В стране был голод. Большевики стремились справиться с продовольственным кризисом за счет крестьян. Хлеб закупался по «твердым» ценам.
Непопулярные методы, использованные большевиками в деревне, отозвались эхом крестьянских восстаний. Сельские советы были разогнаны, вместо них насаждались комбеды. Комбеды стали опорными пунктами диктатуры пролетариата. Они занимались учетом и распределением хлеба, сельскохозяйственных орудий, отнятых у зажиточных крестьян.

Делегаты V Всеросскийского съезда Советов идут на заседание, фотография.

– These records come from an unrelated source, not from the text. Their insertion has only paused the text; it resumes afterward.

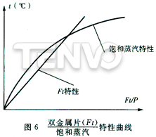 根據(jù)蒸汽的熱力學(xué)特性可得到蒸汽的飽和溫度與壓力的特性曲線,如圖5。從圖中可知該曲線為二次曲線而前面所提到的Ft曲線如圖4所示為一直線。如果將兩條曲線綜合到同一坐標(biāo)系中可得到圖6。從該圖中可發(fā)現(xiàn)兩曲線相差甚遠(yuǎn),雖然在某個壓力點P上可以找到一個溫度t,對應(yīng)t存在一個Ft與Fk平衡,但這個t值與該壓力下蒸汽的飽和溫度tb相差太大,而且在疏水閥的整個工作壓力范圍內(nèi),排水溫度與飽和溫度的差值大小不同。如果按以上設(shè)想設(shè)計該產(chǎn)品,則產(chǎn)品性能將極不穩(wěn)定,起不到節(jié)能的作用。要解決這一問題必須設(shè)法改變Ft曲線使之接近飽和蒸汽曲線。而要改變Ft曲線就必須從熱金屬的體積系數(shù)α入手。
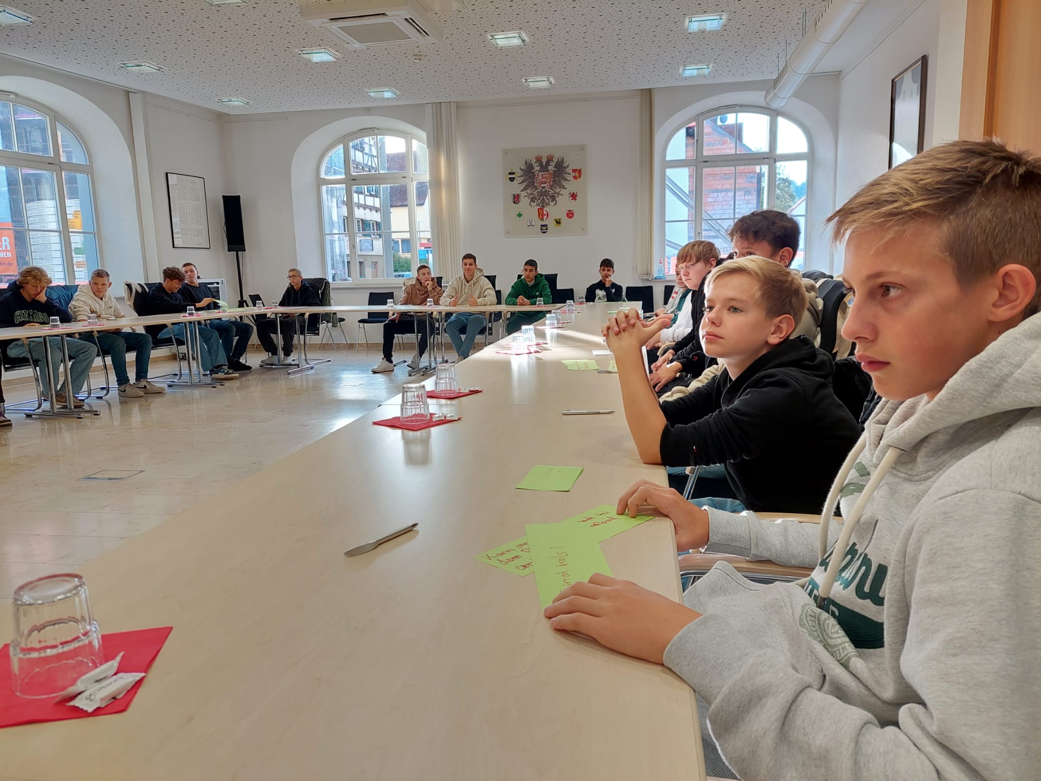 Am Montag, den 16. Oktober machte die Klasse 9 einen Ausflug ins Rathaus, begleitet von Frau Neuf. Dort durften wir unserem Bürgermeister Stefan Bubeck Fragen über die Stadt Mengen bzw. über seinen Beruf als Bürgermeister stellen. Zu Beginn erzählte Herr Bubeck vieles
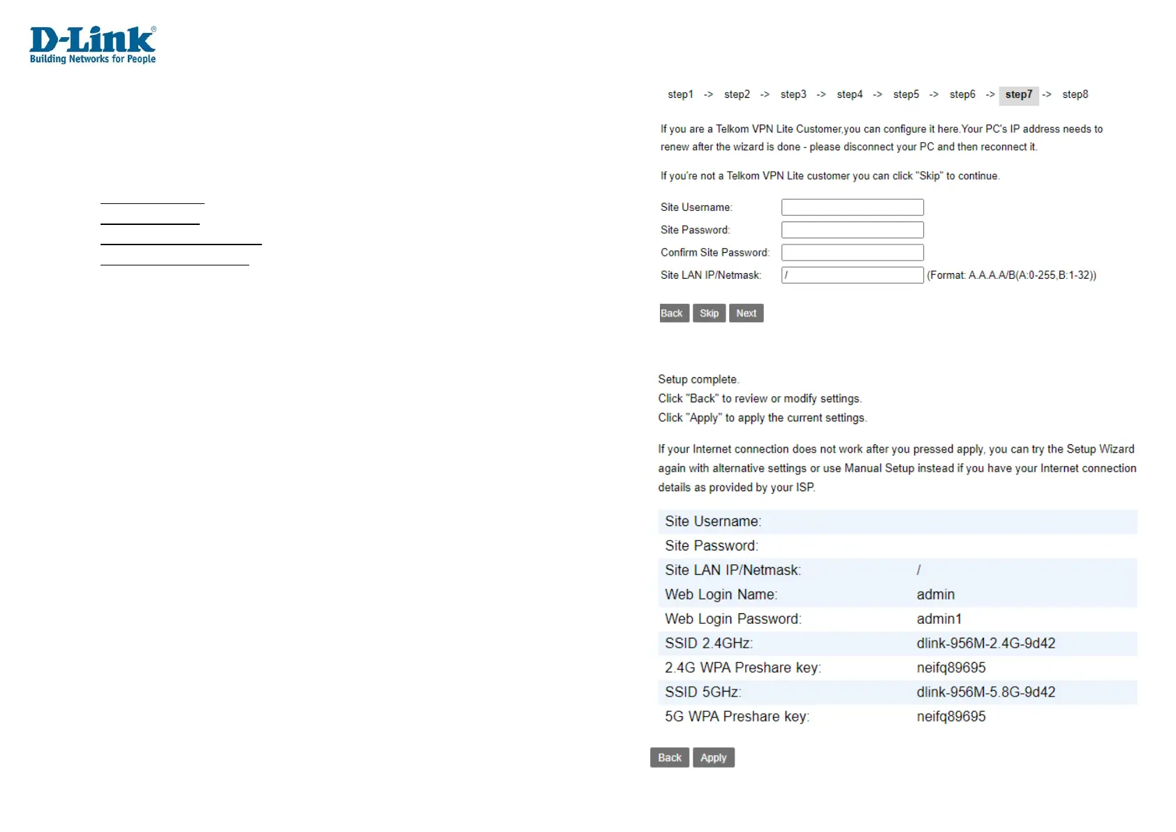 Password and Site LAN IP/Netmask to connect to Telkom VPN lite

Левые эсеры не поддерживали репрессивных мер, проводимых большевиками в деревне. Они выступали за гибкую политику цен на сельскохозяйственные продукты. Влияние левых эсеров росло. Эта партия могла бороться за голоса избирателей и оппонировать большевикам во ВЦИК и на съездах Советов. Выступая на V съезде Советов, Ленин заявил: «Тысячу раз будет неправ тот, тысячу раз ошибается тот, кто позволит себе хоть на минуту увлечься чужими словами и сказать, что это борьба с крестьянством, как говорят иногда неосторожные или невдумчивые из левых эсеров. Нет, это борьба с ничтожным меньшинством деревенских кулаков».
Левые эсеры выступали против заключения мира с Германией. Весной 1918 г. в знак протеста против подписания Брестского мира левые эсеры вышли из состава Советского правительства.
С целью срыва заключения сепаратного мира с Германией ЦК левых эсеров вынес свое решение — смертный приговор немецкому послу графу Вильгельму Мирбаху.
Убийца Мирбаха Блюмкин писал перед совершением террористического акта: «Я, прежде всего, противник сепаратного мира с Германией, и думаю, мы должны сорвать этот постыдный для России мир каким бы то ни было способом, вплоть до единоличного акта, на который я решился».
6 июля около 3 часов дня левые эсеры — сотрудники ВЧК Блюмкин и Андреев с документами, подписанными председателем ВЧК Дзержинским, проникли в здание немецкого посольства и убили немецкого посла Мирбаха.
Совершив террористический акт, эсеры скрылись в особняке в Трехсвятительском переулке, у Покровских ворот, где размещался штаб одного из отрядов ВЧК, которым командовал Попов.
Дзержинский прибыл в отряд Попова, чтобы арестовать террористов, но был сам арестован вместе с сопровождающими его чекистами. Вслед за арестом председателя ВЧК эсеры арестовали председателя Моссовета Смидовича, захватили здание ВЧК на Лубянке и арестовали находившихся там чекистов-болыпевиков. Сделать это было нетрудно — охрану здания нес отряд чекистов-эсеров.
Из членов коллегии ВЧК удалось захватить только Лациса, все остальные находились в Большом театре на V съезде Советов.
Пока шел съезд, левые эсеры захватили Главный почтамт и разослали по всей стране телеграммы о захвате власти, дали несколько орудийных выстрелов по Кремлю и отправили свою делегацию на съезд.
Узнав об аресте Дзержинского, Ленин заявил, что если хоть один волос упадет с его головы, то левые эсеры заплатят за это «тысячью своих голов». Немедленно была арестована левоэсеровская фракция съезда вместе с ее лидером — Марией Спиридоновой. Во всех районах Москвы были мобилизованы большевистские рабочие отряды.
Мятеж левых эсеров был ликвидирован 7 июля 1918 г.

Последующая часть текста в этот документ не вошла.